WHAT TO PRODUCE -> Exactly the lines below from the one with "A joyful dog" up to and including the one with "A collection of" make up the answer, with nothing else added.

Collection entries ->
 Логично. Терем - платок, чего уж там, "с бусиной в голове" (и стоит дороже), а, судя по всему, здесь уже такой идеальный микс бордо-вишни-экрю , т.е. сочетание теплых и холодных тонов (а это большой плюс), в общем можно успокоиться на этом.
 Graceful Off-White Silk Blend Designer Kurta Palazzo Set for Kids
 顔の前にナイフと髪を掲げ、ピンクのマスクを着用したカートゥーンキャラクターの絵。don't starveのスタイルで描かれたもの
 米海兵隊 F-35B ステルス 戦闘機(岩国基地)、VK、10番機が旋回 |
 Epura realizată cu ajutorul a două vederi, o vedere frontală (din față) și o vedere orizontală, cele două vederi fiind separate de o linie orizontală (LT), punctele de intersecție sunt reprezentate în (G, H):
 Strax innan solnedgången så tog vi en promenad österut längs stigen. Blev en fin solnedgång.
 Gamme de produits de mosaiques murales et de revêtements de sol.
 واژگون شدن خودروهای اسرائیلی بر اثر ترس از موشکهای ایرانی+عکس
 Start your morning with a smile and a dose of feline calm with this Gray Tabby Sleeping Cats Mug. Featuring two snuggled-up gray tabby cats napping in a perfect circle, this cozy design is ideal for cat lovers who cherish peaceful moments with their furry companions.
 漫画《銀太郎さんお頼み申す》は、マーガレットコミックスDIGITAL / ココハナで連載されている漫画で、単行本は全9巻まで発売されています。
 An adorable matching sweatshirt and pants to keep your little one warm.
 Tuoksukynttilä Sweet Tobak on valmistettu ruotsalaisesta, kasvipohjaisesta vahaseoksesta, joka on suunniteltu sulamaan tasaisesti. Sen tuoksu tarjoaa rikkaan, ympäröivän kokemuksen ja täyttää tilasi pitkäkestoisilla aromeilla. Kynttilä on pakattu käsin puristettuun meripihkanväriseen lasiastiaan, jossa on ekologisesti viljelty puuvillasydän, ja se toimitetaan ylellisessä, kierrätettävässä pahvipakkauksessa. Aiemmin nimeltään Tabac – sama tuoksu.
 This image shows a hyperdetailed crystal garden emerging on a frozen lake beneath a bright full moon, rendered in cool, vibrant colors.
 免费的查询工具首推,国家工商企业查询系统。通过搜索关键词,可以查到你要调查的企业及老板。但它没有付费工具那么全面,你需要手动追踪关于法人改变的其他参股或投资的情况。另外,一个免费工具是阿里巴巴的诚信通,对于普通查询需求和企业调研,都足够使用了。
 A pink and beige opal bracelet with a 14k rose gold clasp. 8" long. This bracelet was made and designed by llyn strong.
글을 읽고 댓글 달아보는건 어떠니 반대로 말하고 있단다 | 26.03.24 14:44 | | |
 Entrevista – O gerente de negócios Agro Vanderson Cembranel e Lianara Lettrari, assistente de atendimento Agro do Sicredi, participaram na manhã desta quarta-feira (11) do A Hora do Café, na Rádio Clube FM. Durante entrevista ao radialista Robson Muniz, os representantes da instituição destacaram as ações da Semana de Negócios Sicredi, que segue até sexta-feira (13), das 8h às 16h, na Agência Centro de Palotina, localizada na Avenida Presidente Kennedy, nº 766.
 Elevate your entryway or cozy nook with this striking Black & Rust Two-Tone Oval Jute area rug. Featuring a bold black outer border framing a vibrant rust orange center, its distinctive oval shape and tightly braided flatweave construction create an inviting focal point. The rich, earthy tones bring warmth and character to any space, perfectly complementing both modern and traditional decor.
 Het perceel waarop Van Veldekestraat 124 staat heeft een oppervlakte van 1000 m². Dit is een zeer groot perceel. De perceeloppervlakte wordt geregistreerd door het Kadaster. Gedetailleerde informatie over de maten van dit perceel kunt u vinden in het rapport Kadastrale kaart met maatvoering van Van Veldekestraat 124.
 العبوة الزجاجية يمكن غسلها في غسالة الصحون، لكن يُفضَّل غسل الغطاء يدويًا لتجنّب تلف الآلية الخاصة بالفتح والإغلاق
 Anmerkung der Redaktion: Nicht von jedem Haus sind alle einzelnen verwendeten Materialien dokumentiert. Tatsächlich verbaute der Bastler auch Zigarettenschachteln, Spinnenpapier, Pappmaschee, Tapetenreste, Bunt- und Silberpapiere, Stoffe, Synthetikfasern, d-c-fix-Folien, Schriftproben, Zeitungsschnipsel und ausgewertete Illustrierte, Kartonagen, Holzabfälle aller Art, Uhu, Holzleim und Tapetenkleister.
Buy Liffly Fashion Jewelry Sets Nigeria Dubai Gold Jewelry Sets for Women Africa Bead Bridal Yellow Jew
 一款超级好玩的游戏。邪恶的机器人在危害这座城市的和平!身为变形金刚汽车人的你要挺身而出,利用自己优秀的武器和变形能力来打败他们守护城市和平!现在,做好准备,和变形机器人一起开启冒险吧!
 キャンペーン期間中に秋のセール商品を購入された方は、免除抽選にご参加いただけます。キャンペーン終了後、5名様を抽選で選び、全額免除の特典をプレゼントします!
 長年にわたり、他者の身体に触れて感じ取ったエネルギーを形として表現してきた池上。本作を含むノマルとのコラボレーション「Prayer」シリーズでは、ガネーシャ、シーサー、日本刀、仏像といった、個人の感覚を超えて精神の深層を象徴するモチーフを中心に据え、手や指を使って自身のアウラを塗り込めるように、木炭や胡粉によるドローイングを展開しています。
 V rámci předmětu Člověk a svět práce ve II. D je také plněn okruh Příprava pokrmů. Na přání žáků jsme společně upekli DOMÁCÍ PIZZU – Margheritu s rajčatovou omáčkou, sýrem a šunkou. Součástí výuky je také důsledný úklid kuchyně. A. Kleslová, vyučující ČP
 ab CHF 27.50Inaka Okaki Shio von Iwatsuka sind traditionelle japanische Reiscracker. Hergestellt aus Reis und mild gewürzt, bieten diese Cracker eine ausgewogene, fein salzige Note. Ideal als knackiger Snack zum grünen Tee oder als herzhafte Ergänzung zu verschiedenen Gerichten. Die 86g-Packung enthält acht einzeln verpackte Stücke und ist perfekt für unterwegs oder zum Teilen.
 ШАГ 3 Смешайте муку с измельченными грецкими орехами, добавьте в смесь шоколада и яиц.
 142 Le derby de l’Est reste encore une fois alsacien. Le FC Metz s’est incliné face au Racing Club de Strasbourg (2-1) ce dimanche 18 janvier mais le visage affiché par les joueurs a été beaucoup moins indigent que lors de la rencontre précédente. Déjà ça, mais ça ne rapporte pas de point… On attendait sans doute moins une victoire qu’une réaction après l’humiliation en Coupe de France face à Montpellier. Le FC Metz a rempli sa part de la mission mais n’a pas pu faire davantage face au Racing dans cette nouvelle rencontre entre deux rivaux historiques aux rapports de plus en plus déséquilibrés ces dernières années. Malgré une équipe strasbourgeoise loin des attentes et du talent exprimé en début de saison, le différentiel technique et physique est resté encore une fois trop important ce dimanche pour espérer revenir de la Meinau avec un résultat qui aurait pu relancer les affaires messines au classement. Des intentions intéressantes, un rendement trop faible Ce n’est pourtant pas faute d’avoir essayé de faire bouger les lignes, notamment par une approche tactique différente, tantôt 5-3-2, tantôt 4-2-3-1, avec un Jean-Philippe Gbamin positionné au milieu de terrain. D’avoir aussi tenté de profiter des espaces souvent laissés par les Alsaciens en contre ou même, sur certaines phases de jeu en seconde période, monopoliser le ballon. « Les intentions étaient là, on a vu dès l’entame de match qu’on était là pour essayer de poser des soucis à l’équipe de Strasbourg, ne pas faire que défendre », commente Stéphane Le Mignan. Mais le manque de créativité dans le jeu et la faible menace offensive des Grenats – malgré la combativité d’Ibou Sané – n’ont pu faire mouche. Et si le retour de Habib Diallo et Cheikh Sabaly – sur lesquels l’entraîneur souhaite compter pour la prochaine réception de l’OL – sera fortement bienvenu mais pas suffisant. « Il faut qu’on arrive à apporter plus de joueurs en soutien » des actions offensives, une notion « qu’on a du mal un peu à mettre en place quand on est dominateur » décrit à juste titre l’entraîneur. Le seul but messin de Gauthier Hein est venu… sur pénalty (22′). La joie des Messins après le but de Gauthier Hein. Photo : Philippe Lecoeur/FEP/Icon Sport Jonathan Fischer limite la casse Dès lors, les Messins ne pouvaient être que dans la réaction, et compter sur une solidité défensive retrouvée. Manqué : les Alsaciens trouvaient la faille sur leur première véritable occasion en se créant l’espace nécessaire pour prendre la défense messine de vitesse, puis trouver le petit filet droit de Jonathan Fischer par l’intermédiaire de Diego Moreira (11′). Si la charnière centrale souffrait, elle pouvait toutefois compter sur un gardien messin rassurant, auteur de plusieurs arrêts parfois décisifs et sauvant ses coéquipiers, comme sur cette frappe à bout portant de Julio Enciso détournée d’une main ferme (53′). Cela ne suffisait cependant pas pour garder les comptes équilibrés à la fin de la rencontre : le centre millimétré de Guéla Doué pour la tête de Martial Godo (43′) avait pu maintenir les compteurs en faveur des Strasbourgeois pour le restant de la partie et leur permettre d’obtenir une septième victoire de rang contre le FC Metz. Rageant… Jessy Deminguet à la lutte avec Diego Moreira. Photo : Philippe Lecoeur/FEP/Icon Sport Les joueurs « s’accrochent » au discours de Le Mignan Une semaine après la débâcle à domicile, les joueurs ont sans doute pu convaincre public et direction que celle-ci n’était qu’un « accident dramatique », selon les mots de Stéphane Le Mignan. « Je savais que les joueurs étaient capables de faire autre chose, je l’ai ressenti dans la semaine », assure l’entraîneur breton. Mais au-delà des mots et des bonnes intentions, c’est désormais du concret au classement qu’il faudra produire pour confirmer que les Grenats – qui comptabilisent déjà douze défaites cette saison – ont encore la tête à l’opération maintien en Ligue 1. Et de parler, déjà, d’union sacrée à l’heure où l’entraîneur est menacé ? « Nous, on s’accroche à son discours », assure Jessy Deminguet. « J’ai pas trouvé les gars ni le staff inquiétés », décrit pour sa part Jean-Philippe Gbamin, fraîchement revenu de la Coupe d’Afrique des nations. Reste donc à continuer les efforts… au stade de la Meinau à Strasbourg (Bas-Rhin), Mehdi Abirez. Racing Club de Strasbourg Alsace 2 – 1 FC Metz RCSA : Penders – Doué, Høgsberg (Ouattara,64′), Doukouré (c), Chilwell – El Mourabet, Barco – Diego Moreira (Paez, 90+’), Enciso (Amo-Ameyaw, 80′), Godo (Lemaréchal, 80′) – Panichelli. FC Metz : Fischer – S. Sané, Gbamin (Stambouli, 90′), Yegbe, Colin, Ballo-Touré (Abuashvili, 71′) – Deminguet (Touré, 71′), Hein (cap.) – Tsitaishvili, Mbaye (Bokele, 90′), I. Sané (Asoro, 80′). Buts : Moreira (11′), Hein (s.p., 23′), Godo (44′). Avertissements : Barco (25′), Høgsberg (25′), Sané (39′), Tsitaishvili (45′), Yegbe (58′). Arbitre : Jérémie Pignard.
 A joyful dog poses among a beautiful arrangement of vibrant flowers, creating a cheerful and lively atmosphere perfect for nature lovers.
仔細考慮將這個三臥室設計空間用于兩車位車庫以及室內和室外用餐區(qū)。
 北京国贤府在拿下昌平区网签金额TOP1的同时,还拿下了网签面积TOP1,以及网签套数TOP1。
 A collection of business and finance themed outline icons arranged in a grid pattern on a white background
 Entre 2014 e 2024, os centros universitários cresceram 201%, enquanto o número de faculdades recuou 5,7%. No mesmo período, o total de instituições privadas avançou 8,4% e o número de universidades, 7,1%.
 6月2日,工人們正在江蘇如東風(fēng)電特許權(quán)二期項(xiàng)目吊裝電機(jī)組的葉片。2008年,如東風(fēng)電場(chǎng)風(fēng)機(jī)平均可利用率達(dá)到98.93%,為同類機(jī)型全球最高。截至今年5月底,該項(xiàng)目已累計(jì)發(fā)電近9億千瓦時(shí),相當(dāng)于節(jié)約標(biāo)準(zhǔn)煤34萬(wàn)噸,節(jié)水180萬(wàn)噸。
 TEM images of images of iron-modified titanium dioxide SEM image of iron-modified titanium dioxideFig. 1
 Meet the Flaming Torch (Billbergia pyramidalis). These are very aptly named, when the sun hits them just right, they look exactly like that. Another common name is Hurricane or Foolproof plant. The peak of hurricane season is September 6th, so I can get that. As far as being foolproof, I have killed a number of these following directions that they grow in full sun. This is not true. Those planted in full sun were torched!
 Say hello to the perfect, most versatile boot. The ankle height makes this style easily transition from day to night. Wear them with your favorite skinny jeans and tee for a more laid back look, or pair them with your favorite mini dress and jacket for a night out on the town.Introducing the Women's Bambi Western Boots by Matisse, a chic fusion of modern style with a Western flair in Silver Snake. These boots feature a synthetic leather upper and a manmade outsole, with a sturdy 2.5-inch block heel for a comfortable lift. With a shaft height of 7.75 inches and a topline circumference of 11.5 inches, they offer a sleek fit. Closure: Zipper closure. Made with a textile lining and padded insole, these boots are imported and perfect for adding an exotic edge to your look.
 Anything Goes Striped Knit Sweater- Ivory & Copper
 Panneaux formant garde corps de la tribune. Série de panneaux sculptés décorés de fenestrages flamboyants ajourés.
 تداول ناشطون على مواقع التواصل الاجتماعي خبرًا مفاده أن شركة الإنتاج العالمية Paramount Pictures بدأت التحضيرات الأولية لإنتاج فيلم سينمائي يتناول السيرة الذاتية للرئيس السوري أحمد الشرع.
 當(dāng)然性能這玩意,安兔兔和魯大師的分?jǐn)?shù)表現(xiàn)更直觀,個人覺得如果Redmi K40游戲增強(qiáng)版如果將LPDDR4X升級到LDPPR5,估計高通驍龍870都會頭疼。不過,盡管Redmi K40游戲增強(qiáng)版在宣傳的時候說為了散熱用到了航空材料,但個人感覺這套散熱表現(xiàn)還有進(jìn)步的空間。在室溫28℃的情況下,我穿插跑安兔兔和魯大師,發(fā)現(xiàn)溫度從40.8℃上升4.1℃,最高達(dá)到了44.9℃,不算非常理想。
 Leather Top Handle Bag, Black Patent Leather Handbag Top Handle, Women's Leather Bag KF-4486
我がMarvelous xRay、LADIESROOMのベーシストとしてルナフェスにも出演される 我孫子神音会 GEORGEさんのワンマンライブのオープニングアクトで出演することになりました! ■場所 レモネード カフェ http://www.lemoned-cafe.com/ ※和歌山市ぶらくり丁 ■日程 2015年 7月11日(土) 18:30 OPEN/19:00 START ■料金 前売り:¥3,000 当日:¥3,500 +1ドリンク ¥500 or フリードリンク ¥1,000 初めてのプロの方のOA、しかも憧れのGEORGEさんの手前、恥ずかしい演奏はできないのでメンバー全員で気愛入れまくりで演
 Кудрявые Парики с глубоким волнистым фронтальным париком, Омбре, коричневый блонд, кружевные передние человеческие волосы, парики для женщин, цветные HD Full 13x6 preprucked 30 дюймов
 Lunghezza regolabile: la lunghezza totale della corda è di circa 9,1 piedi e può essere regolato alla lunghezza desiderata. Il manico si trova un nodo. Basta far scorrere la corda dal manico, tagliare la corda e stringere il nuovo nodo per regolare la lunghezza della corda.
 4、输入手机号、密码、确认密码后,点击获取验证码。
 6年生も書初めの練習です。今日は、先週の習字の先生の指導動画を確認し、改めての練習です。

EXPECTED ANSWER ->
 A joyful dog poses among a beautiful arrangement of vibrant flowers, creating a cheerful and lively atmosphere perfect for nature lovers.
仔細考慮將這個三臥室設計空間用于兩車位車庫以及室內和室外用餐區(qū)。
 北京国贤府在拿下昌平区网签金额TOP1的同时,还拿下了网签面积TOP1,以及网签套数TOP1。
 A collection of business and finance themed outline icons arranged in a grid pattern on a white background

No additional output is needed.